Information supplied Block Start

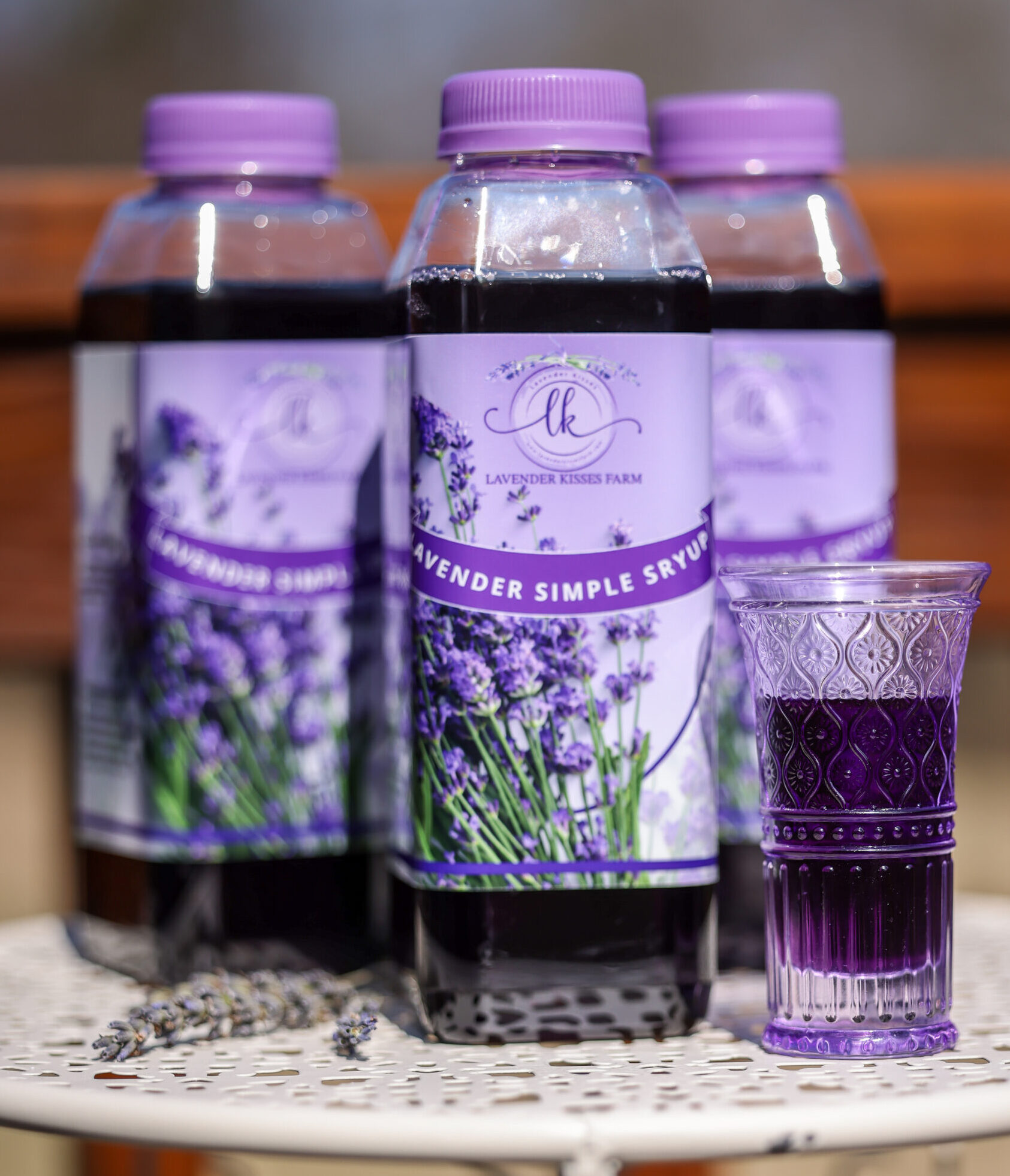 Lavender Kisses Simple Syrup 19oz large plastic bottle. You can add this is your lemonade, iced tea, hot cocoa, coffee, mock-tails or cocktails for a delicious twist!
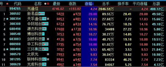 其他方面,光通信板块也是出现了明显赚钱效应的,剑桥科技、新易盛、中际旭创、天孚通信已经被称为“光通信四杰”,今年以来都已经实现翻倍,剑桥科技更是涨了两倍多。
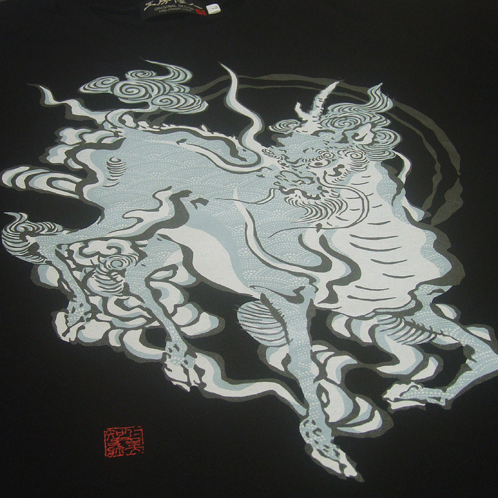 Chief of Animals - KIRIN is an imaginary animal that is said to be the chief of animals, and appears only in times of peace. It has the face of dragon, and the body of a deer with scales, and a cow's tail and horses' hooves, and its character is said to be very, very kind. Poetry on the back means that ‘It is as warm as the sun when approaching, and like a cloud of grace when viewed from a distance’. This is the old poem about the king who governs a peaceful world. Enjoy chic colors that are conscious of traditional colors, and beautiful KOMON design! (fine patterns expressing the scales).
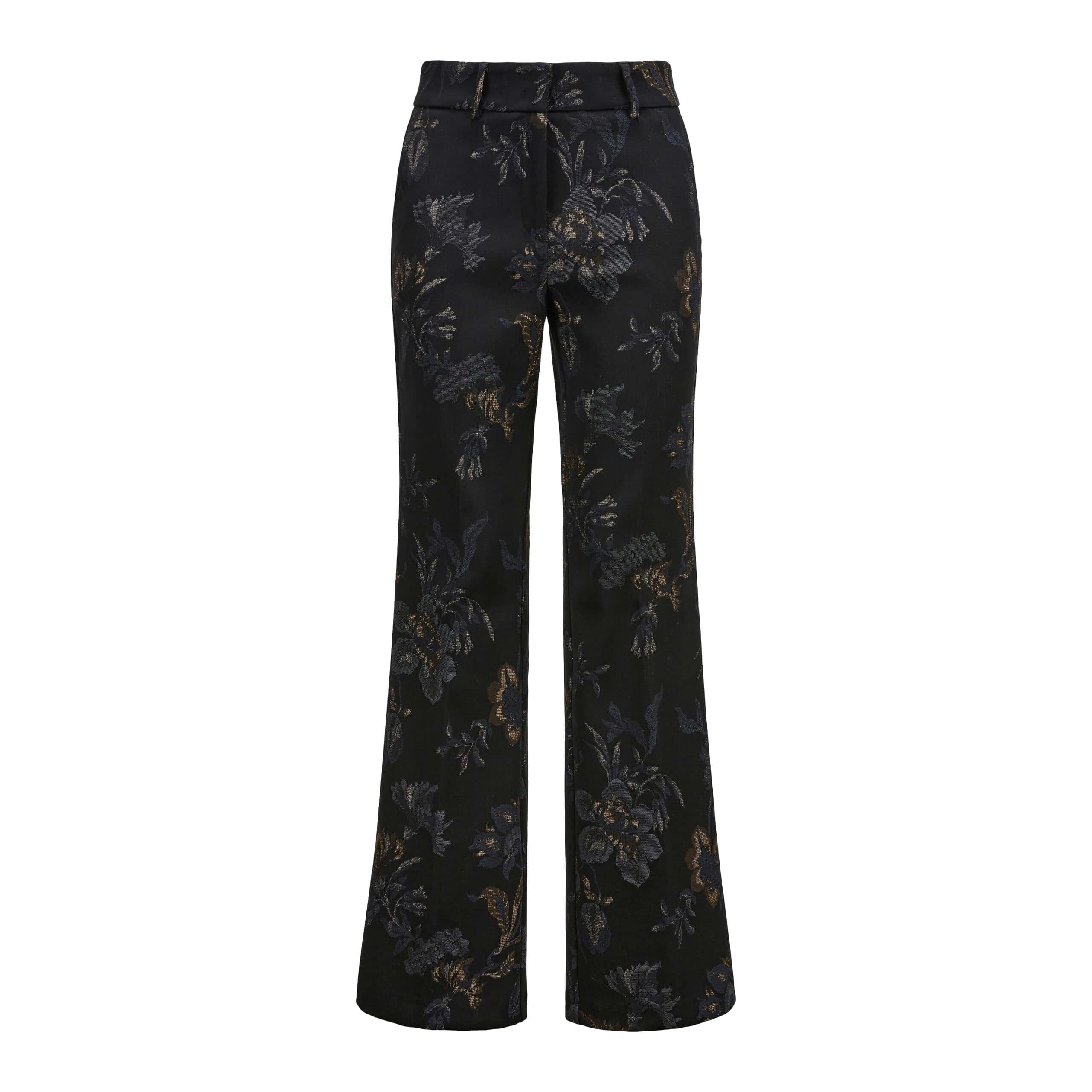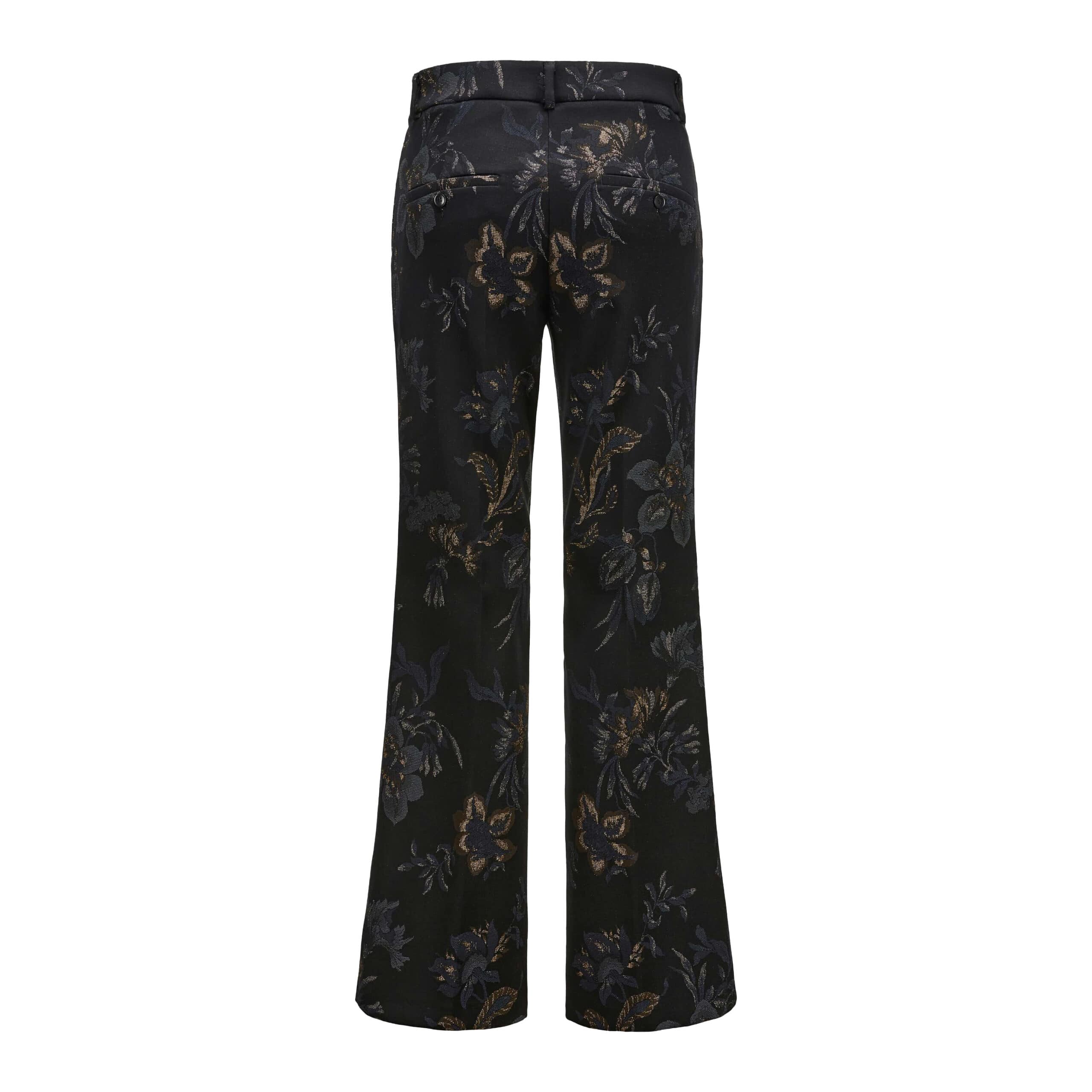Zwarte pantalon met bloemen van Cambio, model France. Deze broek is gemaakt van een zwarte katoenen stretch stof met een jacquard bloemen patroon in donkerblauw en bruin en heeft licht uitlopende broekspijpen. De pantalon sluit met een haakje, knoop- en ritssluiting, heeft twee steekzakken en twee paspelzakjes.
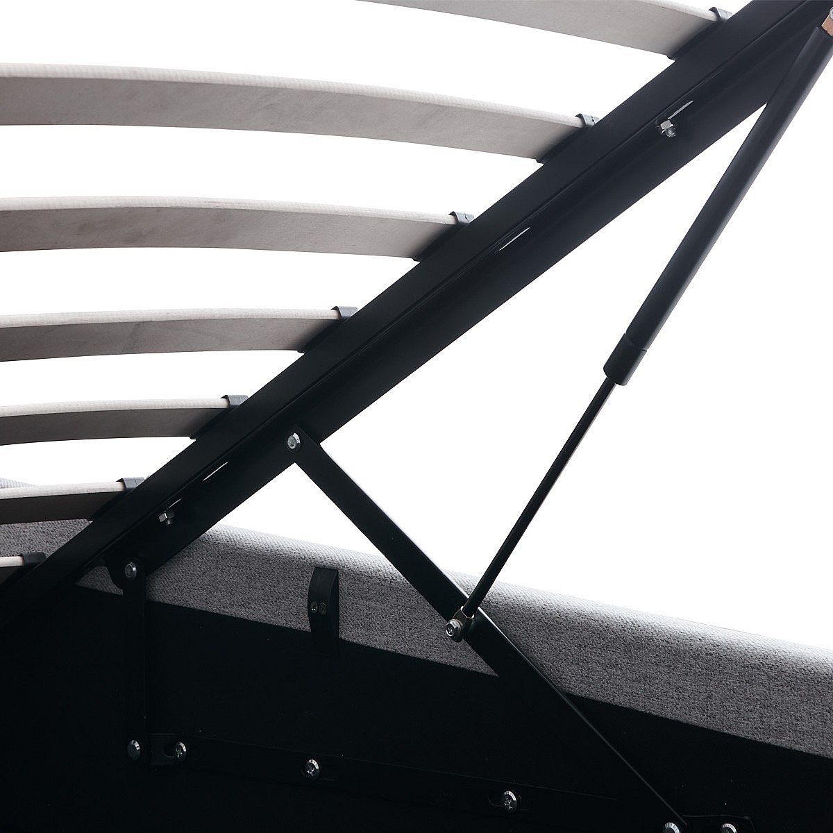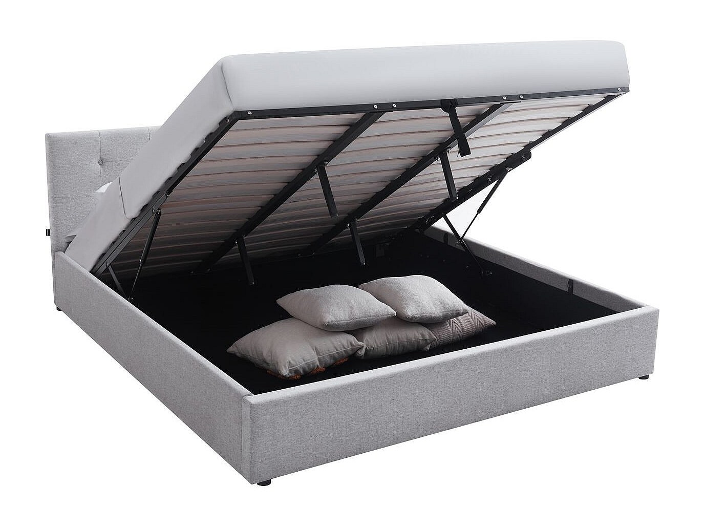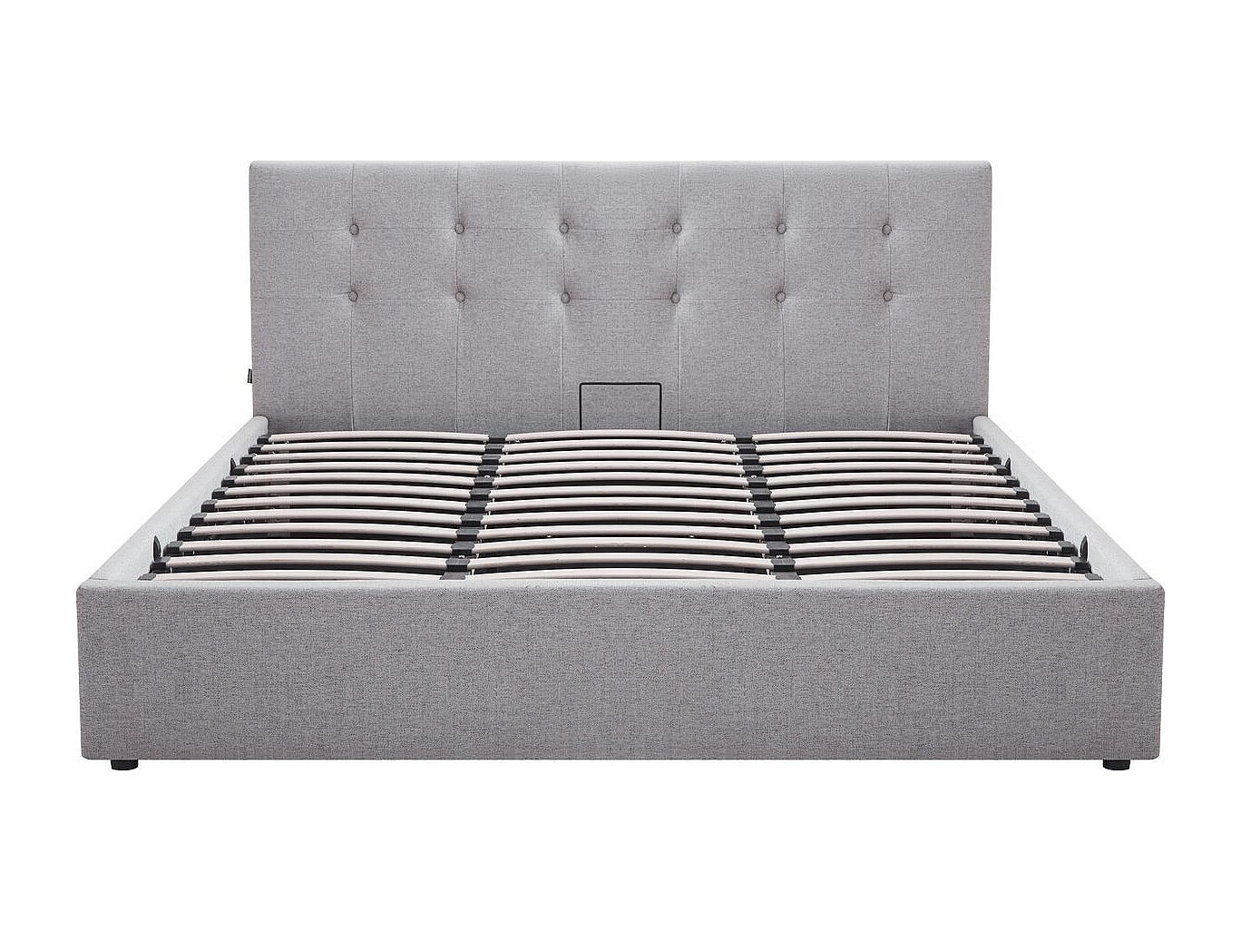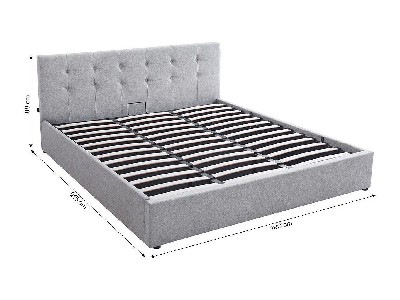 Lit coffre adulte 180x200 cm avec tête de lit matelassée en tissu gris et sommier - Tina
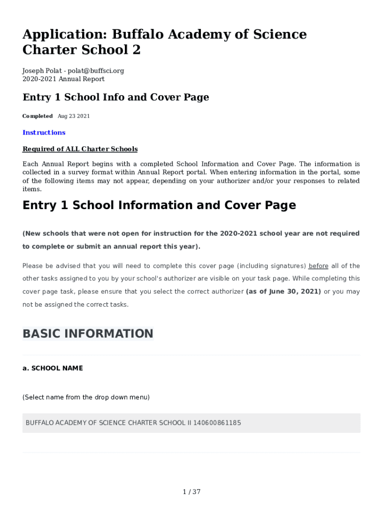 Application: Buffalo Academy of Science Charter School 2 Joseph Polar polat@buffsci.org 20202021 Annual Reportedly 1 School Info and Cover Page Completed Aug 23 2021Instructions Required of ALL Charter
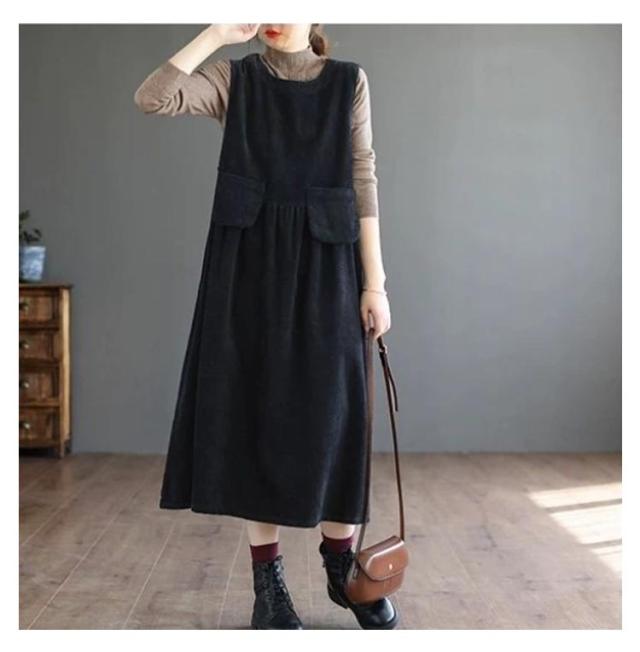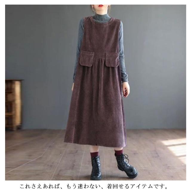 コーデュロイ サロペット ワンピース レディース ロングワンピース ノースリーブ ラウンドネック 春秋 冬 Aライン 体型カバー ポケット付き カジュアル M L XL 2XL 3XL

Information supplied Block End

* _Assigned task_
Pictures should not appear in the copy. Write out exactly the lines above from the first one through the line that contains "其他方面,光通信板块也是出现".

* _Task result_
 Lavender Kisses Simple Syrup 19oz large plastic bottle. You can add this is your lemonade, iced tea, hot cocoa, coffee, mock-tails or cocktails for a delicious twist!
 其他方面,光通信板块也是出现了明显赚钱效应的,剑桥科技、新易盛、中际旭创、天孚通信已经被称为“光通信四杰”,今年以来都已经实现翻倍,剑桥科技更是涨了两倍多。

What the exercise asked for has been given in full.